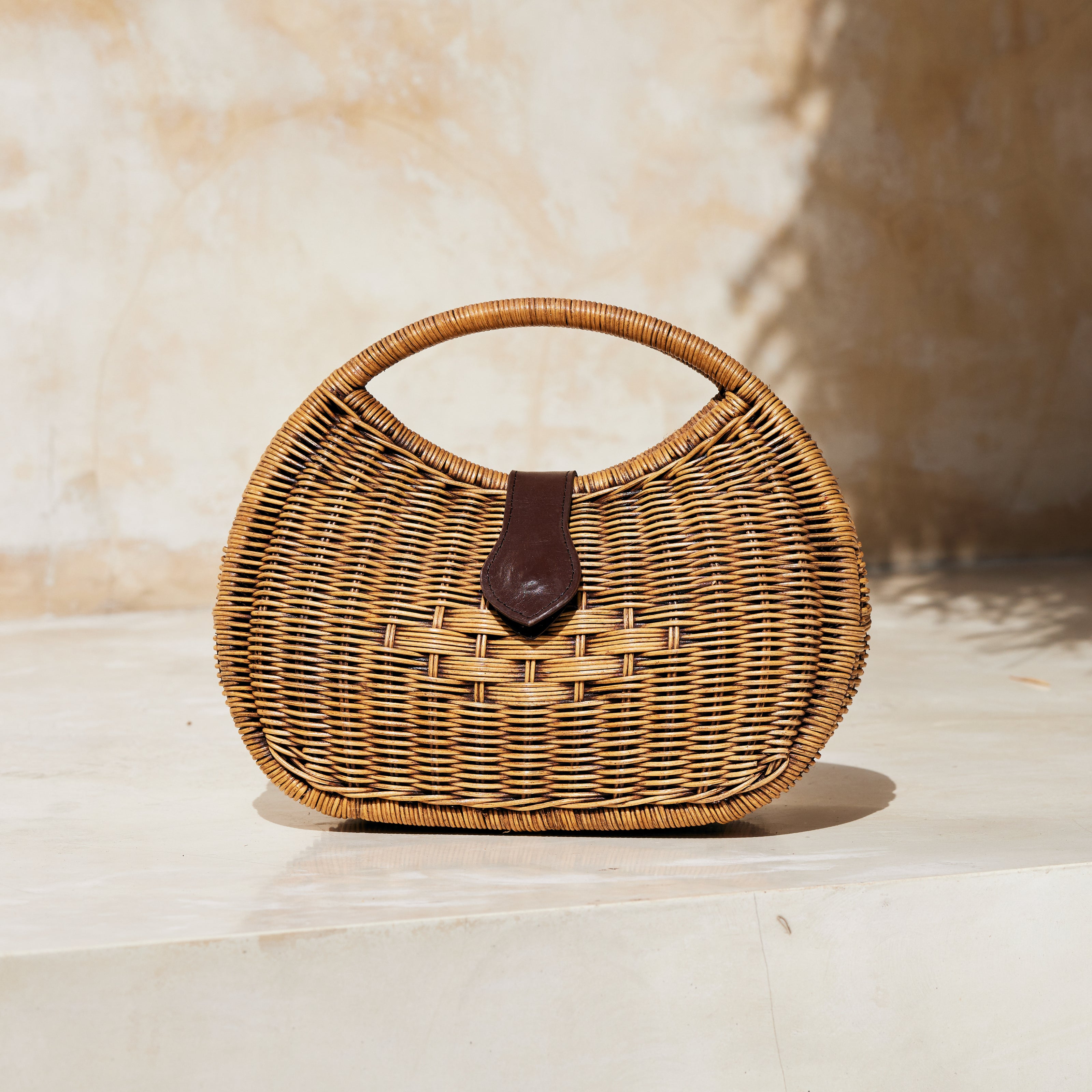 Handcrafted by women artisans working in the Tenganan Village in Eastern Bali, our artisans are master weavers with skills that have been passed down and perfected over generations. The bags are handwoven from renewable and sustainable Ata vine, hand-picked then dried under the sun. Each bag is then hung over a fire for several days, allowing the heat and smoke from the fire to cure them. This is what gives them their golden color, and makes them hard and durable so they will last a lifetime.
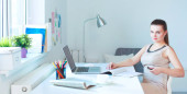 Zdjęcie "Kobieta z dokumentami na biurku i laptopie" może być wykorzystywane do celów osobistych i komercyjnych zgodnie z warunkami zakupionej licencji Royalty-free. Obraz jest dostępny do pobrania w jakości wysokiej rozdzielczości do 5760x3840.
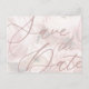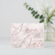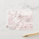 Este modelo de cartão postal de anúncio de Save the Date personalizável tem uma fotografia suave de peonias rosa como fundo, fonte superdimensionada, texto é editável e personalizável, basta clicar no botão Personalizar para torná-lo seu e congratulações, aproveite!
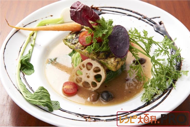 (4)の周りに(2)のスープを流し、れんこん、Cをあしらい、皿のフチにバルサミコ酢を流す。
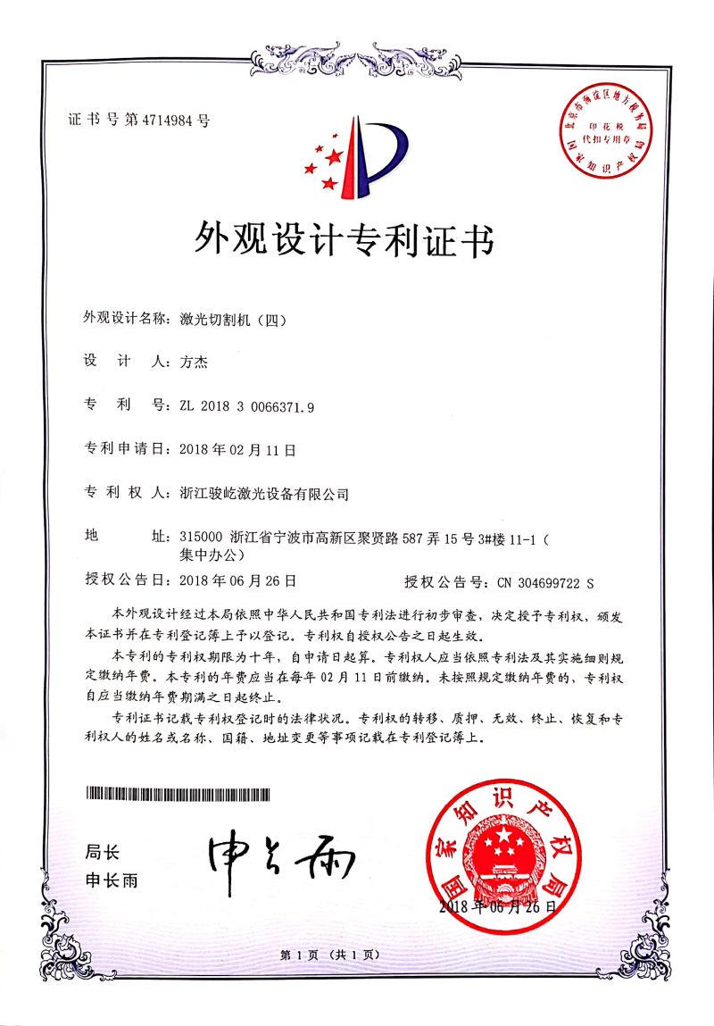 外觀設計專利證書

⁂

Problem to work on — Take the preceding listing and transcribe it exactly, skipping the pictures.

Task response —
 Handcrafted by women artisans working in the Tenganan Village in Eastern Bali, our artisans are master weavers with skills that have been passed down and perfected over generations. The bags are handwoven from renewable and sustainable Ata vine, hand-picked then dried under the sun. Each bag is then hung over a fire for several days, allowing the heat and smoke from the fire to cure them. This is what gives them their golden color, and makes them hard and durable so they will last a lifetime.
 Zdjęcie "Kobieta z dokumentami na biurku i laptopie" może być wykorzystywane do celów osobistych i komercyjnych zgodnie z warunkami zakupionej licencji Royalty-free. Obraz jest dostępny do pobrania w jakości wysokiej rozdzielczości do 5760x3840.
 Este modelo de cartão postal de anúncio de Save the Date personalizável tem uma fotografia suave de peonias rosa como fundo, fonte superdimensionada, texto é editável e personalizável, basta clicar no botão Personalizar para torná-lo seu e congratulações, aproveite!
 (4)の周りに(2)のスープを流し、れんこん、Cをあしらい、皿のフチにバルサミコ酢を流す。
 外觀設計專利證書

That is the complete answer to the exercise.